The Zimbabwe National Water Authority is owed more than US$98 million by debtors amid reports that its operations could grind to a halt unless urgent measures are taken to enforce payment. The debtors include farmers, Government departments,
parastatals and rural district councils.
Zinwa chief executive officer Eng Albert Muyambo disclosed the dire situation that the water authority is facing in the face of the withdrawal by Unicef from providing water treatment chemicals. The withdrawal of the support spells danger to residents of growth points and rural service centres who rely on Zinwa water.
He said if the debtors pay up, Zinwa will be able to buy its own water treatment chemicals.
He said problems at Zinwa were compounded by demands by the Zimbabwe Revenue Authority that it wants value-added tax to be paid against the billed amounts instead of on collected revenue.
On average, Zinwa bills up to US$4 million every month but collections average US$2,5 million.
Its salary bill is US$1,5 million implying that generally US$1 million is available to run daily operations. But Zinwa says that amount is wiped out by VAT. If, for instance, Zinwa bills US$4 million, VAT on the amount would be US$600 000, which Zinwa must pay, whether or not the billed amount has been paid in full.
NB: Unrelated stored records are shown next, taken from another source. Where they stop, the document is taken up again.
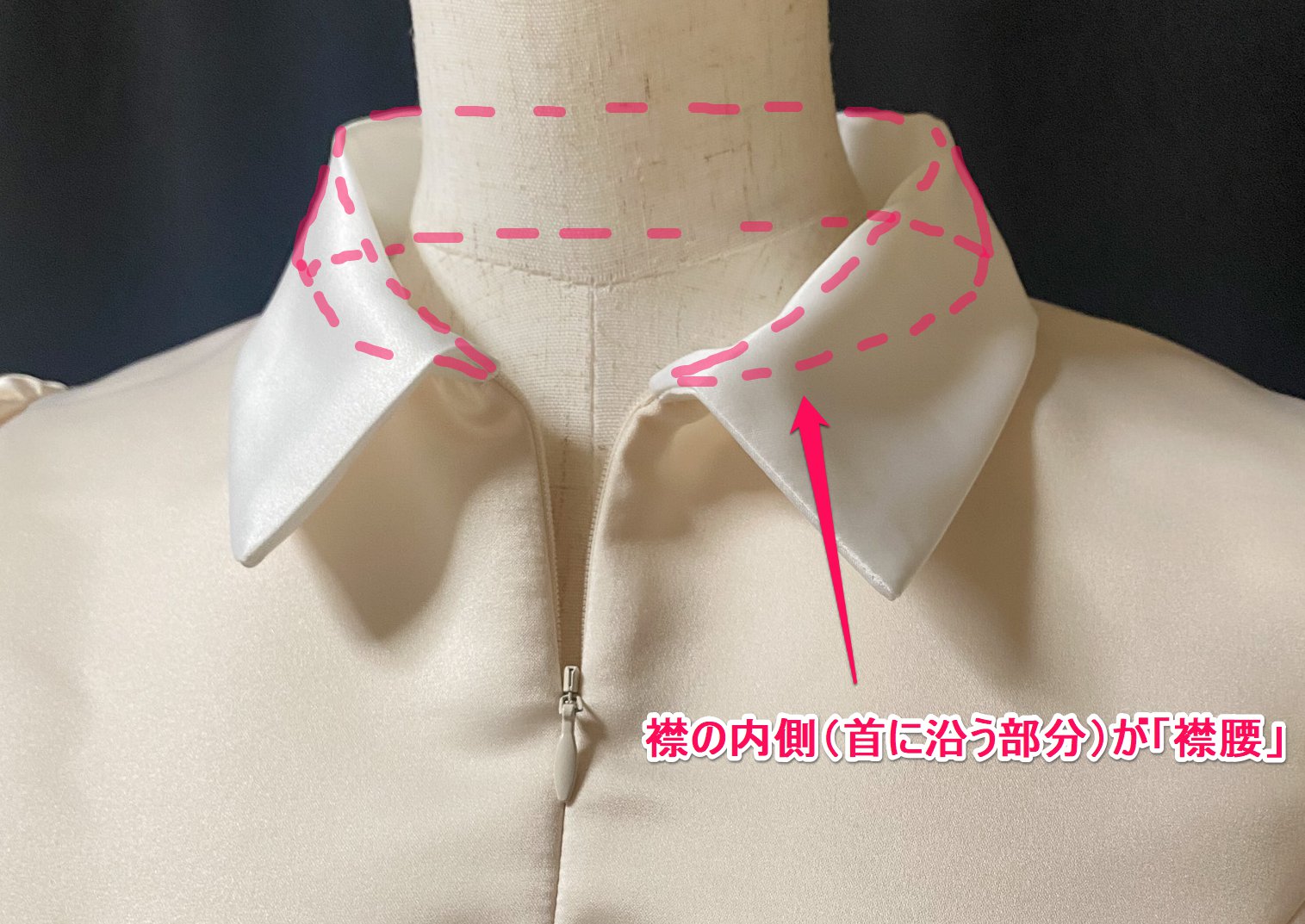 後ろファスナーの型紙なのにシャツ襟があってつけられない…!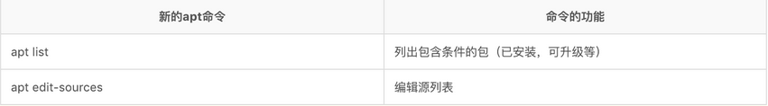 apt 命令的引入是为了解决命令过于分散的问题,它包括了 apt-get 命令出现以来使用最广泛的功能选项,以及 apt-cache 和 apt-config 命令中很少用到的功能。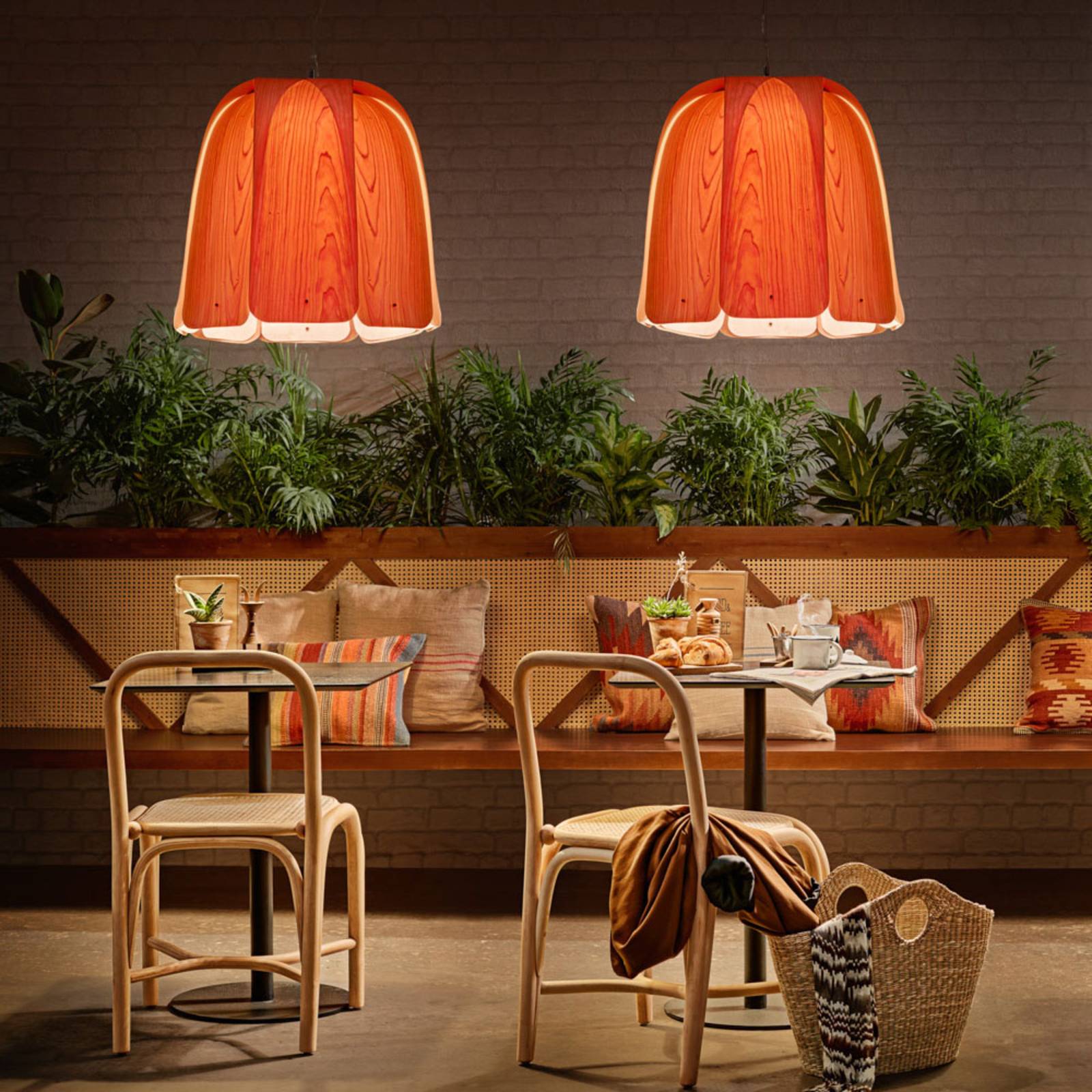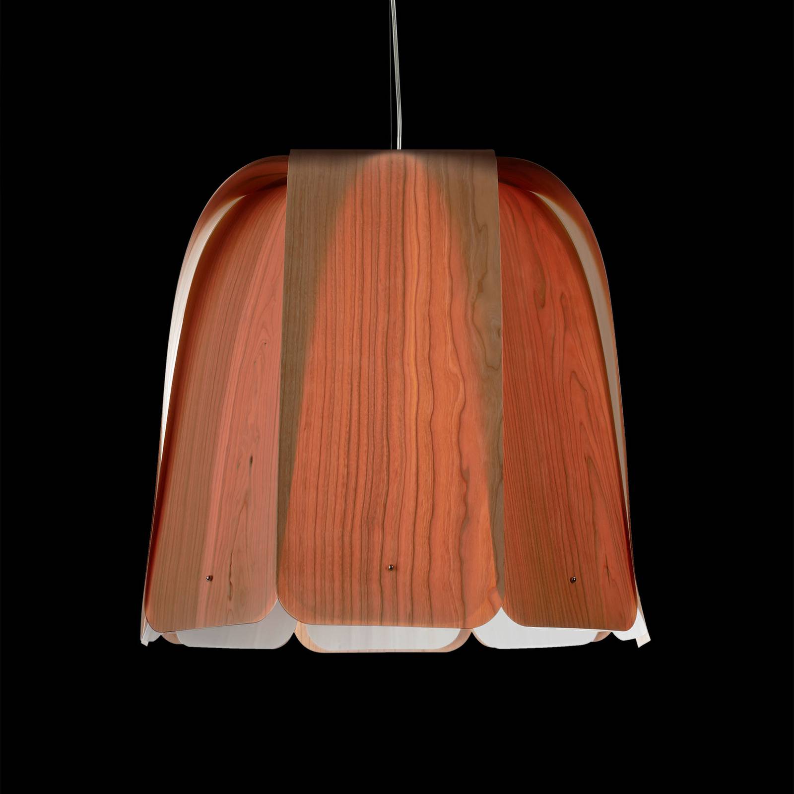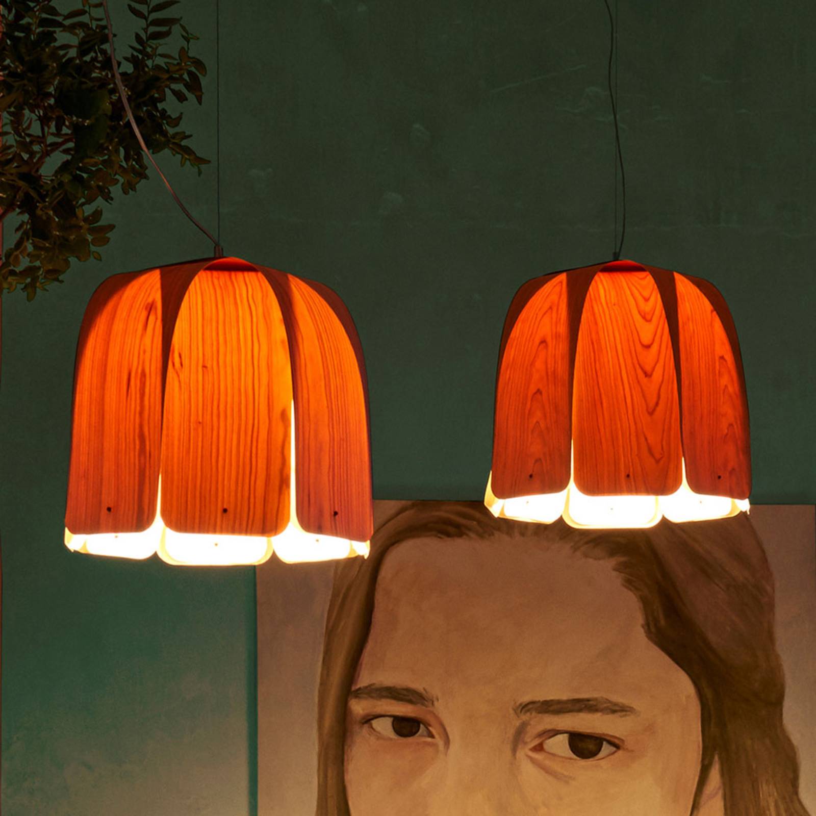 Lampada a sospensione Domo con paralume in legno impiallacciato Un paralume a forma di cupola in legno forma la lampada a sospensione Domo. Uno strato esterno di elementi sovrapposti e uno strato interno di elementi uniti senza soluzione di continuità sono combinati. La lampada da usare all'interno emette la luce direttamente verso il basso - ideale per illuminare i tavoli. Il paralume in legno permette anche alla luce di brillare delicatamente ai lati e fornisce un accento naturale nella stanza con le sue venature. Il produttore spagnolo LZF-Lamps produce le sue lampade a mano e utilizza legno ecologico e sostenibile (certificato FSC®). La lampada a sospensione Domo è stata creata dai designer industriali di Valencia Roberto Celada e Raquel Esteve (Rqr Estudio).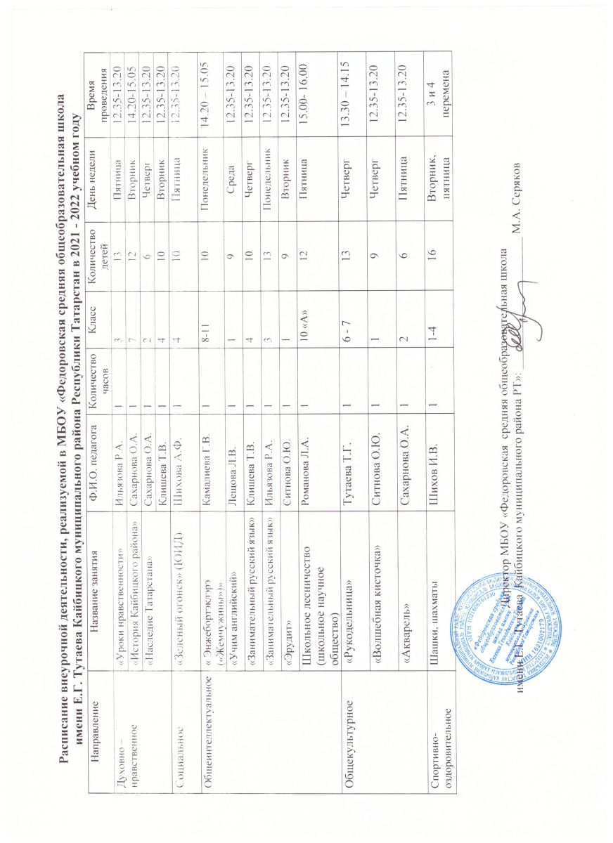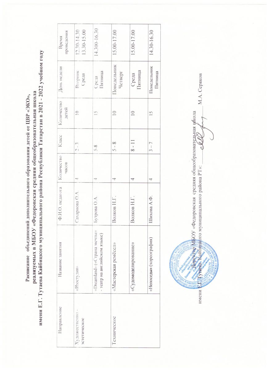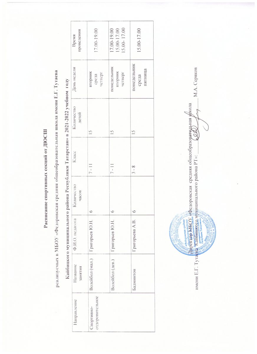 Расписание спортивных секций от СШ, реализуемых на базе МБОУ "Федоровская СОШ имени Е.Г. Тутаева"

“We are in a catch-22 situation where we are expected to pay VAT on amounts we have not received,” he said.
He said Zinwa was hamstrung by Government policy barring disconnecting water supplies on domestic consumers to enforce payment but wondered how the authority is expected to survive when its customers are aware of the loophole.
“Unicef pulled out in February and since then we have not had capacity to procure adequate water treatment chemicals,” he said.
Eng Muyambo said the water authority should be empowered to demand its dues from all its customers without fear or favour.
“At the moment we cannot guarantee water provision. We are also behind in terms of salary payments,” he said.
The water authority services over 52 000 customers, the majority who are the marginalised rural communities.
Eng Muyambo said Government was crafting a national water policy and expressed hope that some of the issues raised will be addressed in the policy.
He said the water authority was calling for State protection of water sources in the same manner game parks are protected by Government statutes.
He said the protection issue came about because of the heavy pollution of water bodies by sewer and farming activities. The water authority has discovered that there are 43 dysfunctional sewer plants in Zimbabwe whose raw sewer is deposited into rivers and lakes.
He said the water policy should ensure that all decisions to deal with water are communicated directly with Zinwa.
“At the moment we have key decisions that affect water quality being made outside Zinwa. This is unacceptable. We should be able to direct the course of action as guided at law,’ he said.